Getting the Senate to file electronically has been a long – and so far hapless – effort. It’s the subject of Jeffrey Birnbaum’s K Street Confidential column in today’s Washington Post:
As it is, almost all senators and Senate candidates deliver their reports on paper (even though those reports are written on computers). The paper filings are laboriously scanned and then key-punched into an electronic system, a procedure that often takes six weeks to finish and costs hundreds of thousands of dollars.
After the reports are submitted to the Secretary of the Senate (often well past published deadlines), they are placed onto the Federal Election Commission’s Web site in a page-by-page format. The listings are not searchable, which makes it almost impossible for anyone to glean useful information. Think of the process like rummaging through thousands of disorderly papers in a very large box.
This is an issue that has befuddled me for two decades. The rest of the participants in federal elections – House candidates, PACs and the political parties – have been filing electronically since 1995. Ten years later the Senate is still holding out. Birnbaum points out that “it’s hard to find anyone who will defend the current law.”
He also identifies where the problem may lie:
The Senate’s Committee on Rules and Administration is in charge of deciding what to do about the issue and, despite pleas from a bipartisan group of senators, has done nothing. I tried many times in the past two weeks to get the spokeswoman for the committee’s chairman, Sen. Trent Lott (R-Miss.), to return my phone calls and to answer questions on the topic. But she did not respond.
As it happens, Lott is running for reelection this year. If you want to pore through his campaign filings yourself, it’s easy enough to do – as long as you don’t care about little things like adding up the numbers. You can find an index of the images of Sen. Lott’s contribution reports here on the FEC’s website.
If you add up the pages by hand – the only way to do it – you’ll see that Lott has filed a total of 466 pages of reports so far this election year. That’s pretty thin by Senate standards. As of the end of June, Lott had raised a relatively modest $2.4 million for his campaign. (On the other hand, his Democratic opponent has raised just under $14,000 so this race is not exactly going to be a nail-biter on election night.)
If you really want to pore through the records yourself, I suggest loading up with a few reams of printer paper – more if you’re interested in Hillary Clinton or one of the other top-dollar races.

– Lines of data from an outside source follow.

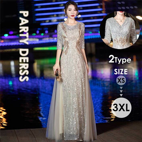 ロングドレス 母親 結婚式 ドレス 大人 ピアノ 発表会 イブニングドレス カラオケドレス 衣装 シャンパン キラキラ パーティードレス スパンコール衣装 ミセス ステージドレス
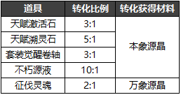 1、部分材料以一定比例结算为本象源晶/万象源晶,本象源晶可在S2赛季中锻造天赋洗练材料,万象源晶可在S2赛季中锻造天赋激活材料。可转换的材料及转换比例如下(典藏秘录抽取的天赋溯灵石除外):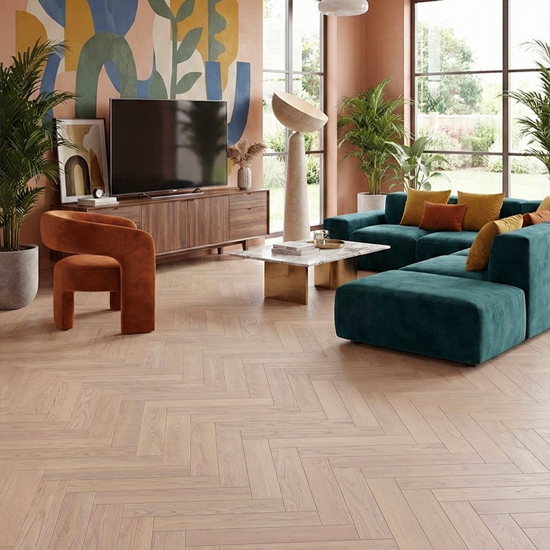Swiss Hardwoods Chevron is designed for homeowners and designers who want floors that feel both stylish and timeless. The angled planks add architectural rhythm, while the Classic Grade oak ensures a calm, elegant surface without busy knot patterns.

And make sure you’ve got a very fast internet connection.
I do my web surfing over a DSL line, which is normally fast enough, but when you’re looking at these reports, you’ll have to sit and wait a few seconds for each page to load. After all, it’s searching a massive database, and pulling up the images one page at a time.
In contrast to Lott’s modest filings, the campaign of Sen. Hillary Clinton has filed nearly 20,000 pages of paper reports over the past two years of the current election cycle. Her July quarterly report alone ran to 4,169 pages. On standard printer paper, that July report is a foot and a half high. The whole 20,000 pages would stack up as tall as a six-foot-eight basketball player. Good luck digging through it.
And remember: these mountains of paper are actually printouts of information that’s already inside each campaign’s computers. Aside from paper and ink manufacturers – and the companies earning all those taxpayer dollars for scanning and hand-entering the data – it’s hard to see who benefits from the current arrangement.
Aside, of course, from the Senators themselves, whose last-minute campaign contributions will only be scrutinized long after the election is over. No wonder Lott’s committee spokesperson isn’t returning phone calls.